Exercise instructions:
Repeat only the lines below that run from the line with "Vintage sterling silver" to the line with "O campo Inscrição", ends included; skip every picture.

Record extracts:
== Segment start ==

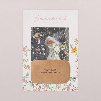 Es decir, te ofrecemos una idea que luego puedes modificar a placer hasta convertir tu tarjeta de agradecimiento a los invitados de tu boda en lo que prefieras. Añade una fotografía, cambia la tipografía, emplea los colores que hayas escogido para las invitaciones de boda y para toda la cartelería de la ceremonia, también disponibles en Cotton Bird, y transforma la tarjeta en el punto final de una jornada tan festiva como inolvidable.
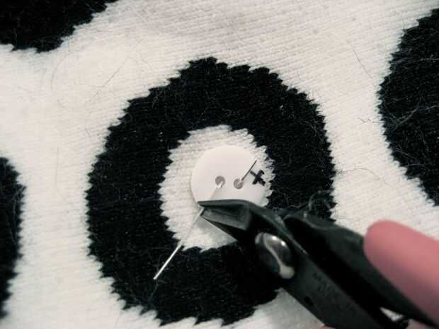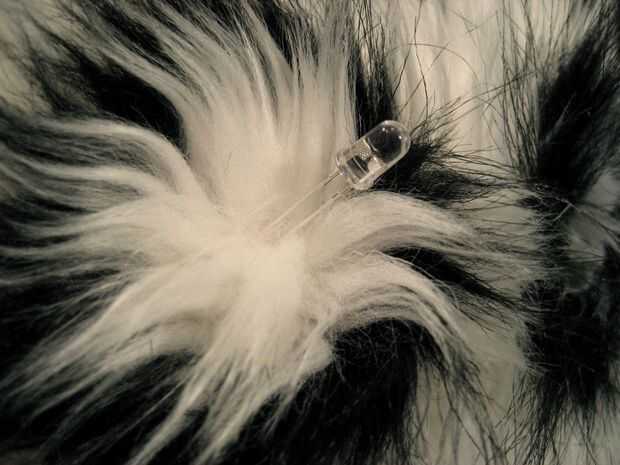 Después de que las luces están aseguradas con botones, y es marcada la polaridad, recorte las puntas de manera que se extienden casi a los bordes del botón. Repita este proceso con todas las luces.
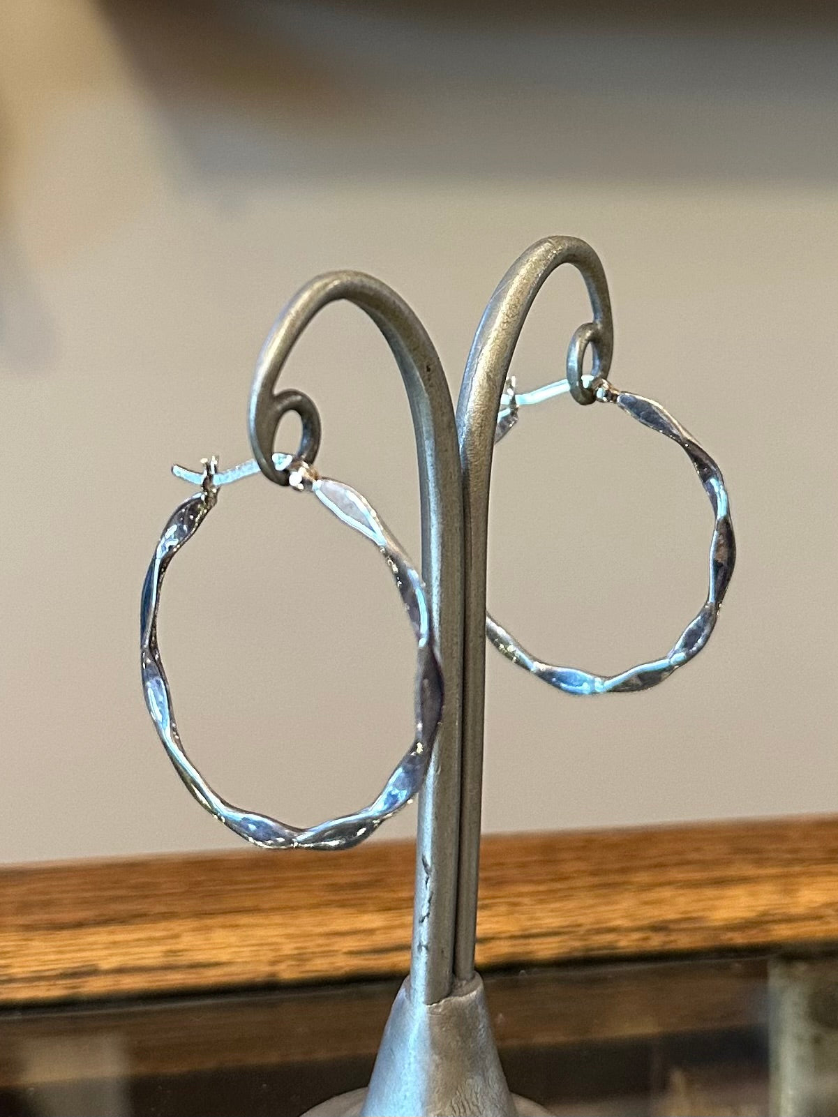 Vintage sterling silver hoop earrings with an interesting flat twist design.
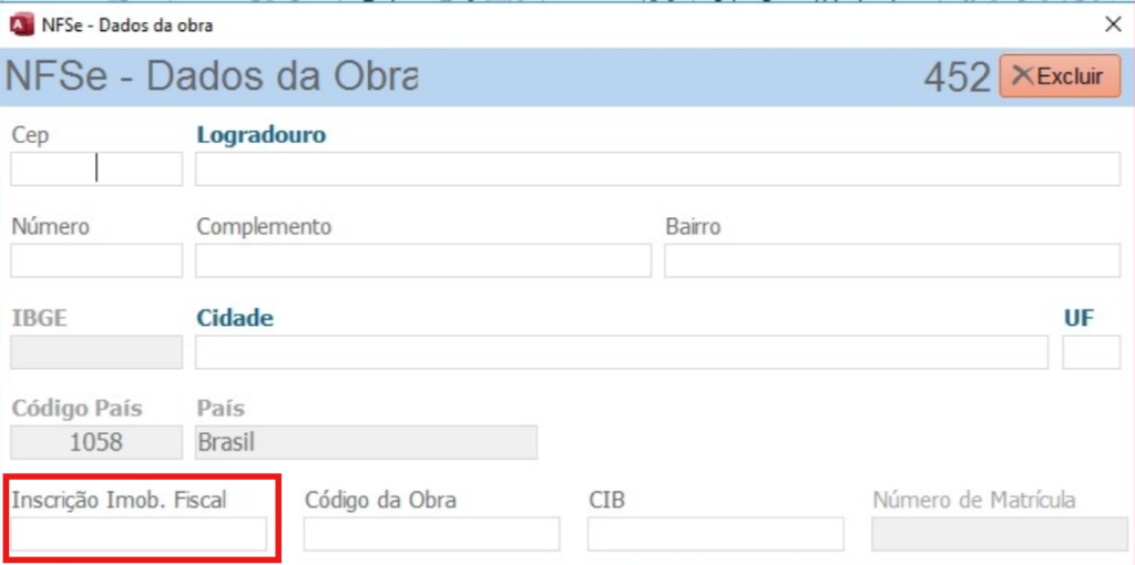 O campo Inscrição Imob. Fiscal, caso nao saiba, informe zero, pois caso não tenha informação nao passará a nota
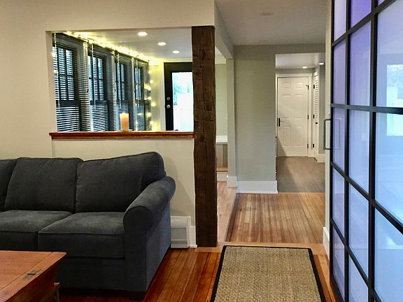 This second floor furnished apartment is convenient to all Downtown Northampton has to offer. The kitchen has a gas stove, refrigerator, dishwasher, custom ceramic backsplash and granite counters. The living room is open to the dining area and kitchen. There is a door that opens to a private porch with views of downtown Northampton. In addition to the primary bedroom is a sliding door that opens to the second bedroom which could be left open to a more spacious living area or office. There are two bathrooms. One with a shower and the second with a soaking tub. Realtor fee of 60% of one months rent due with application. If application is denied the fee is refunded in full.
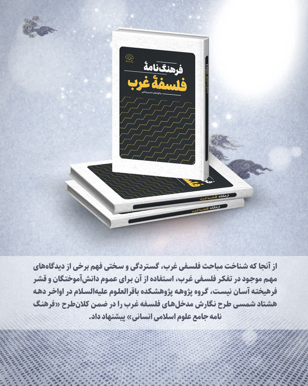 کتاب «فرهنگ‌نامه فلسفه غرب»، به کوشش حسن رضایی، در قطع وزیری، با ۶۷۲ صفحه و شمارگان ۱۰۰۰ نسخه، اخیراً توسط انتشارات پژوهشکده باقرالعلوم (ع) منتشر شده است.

== Segment end ==
== Segment start ==

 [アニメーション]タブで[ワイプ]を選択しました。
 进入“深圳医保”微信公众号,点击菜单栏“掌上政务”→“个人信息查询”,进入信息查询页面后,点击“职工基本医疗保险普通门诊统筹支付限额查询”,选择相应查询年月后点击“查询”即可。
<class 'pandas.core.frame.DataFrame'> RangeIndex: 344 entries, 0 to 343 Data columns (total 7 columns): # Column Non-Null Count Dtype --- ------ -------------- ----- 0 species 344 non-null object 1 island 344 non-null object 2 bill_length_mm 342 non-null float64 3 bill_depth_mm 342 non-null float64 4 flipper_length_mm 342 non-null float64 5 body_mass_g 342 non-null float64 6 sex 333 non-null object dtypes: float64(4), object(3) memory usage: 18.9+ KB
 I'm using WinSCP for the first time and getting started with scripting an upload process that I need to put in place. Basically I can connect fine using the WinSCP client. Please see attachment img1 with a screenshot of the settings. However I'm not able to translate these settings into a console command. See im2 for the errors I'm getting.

== Segment end ==

Answer box:
 Vintage sterling silver hoop earrings with an interesting flat twist design.
 O campo Inscrição Imob. Fiscal, caso nao saiba, informe zero, pois caso não tenha informação nao passará a nota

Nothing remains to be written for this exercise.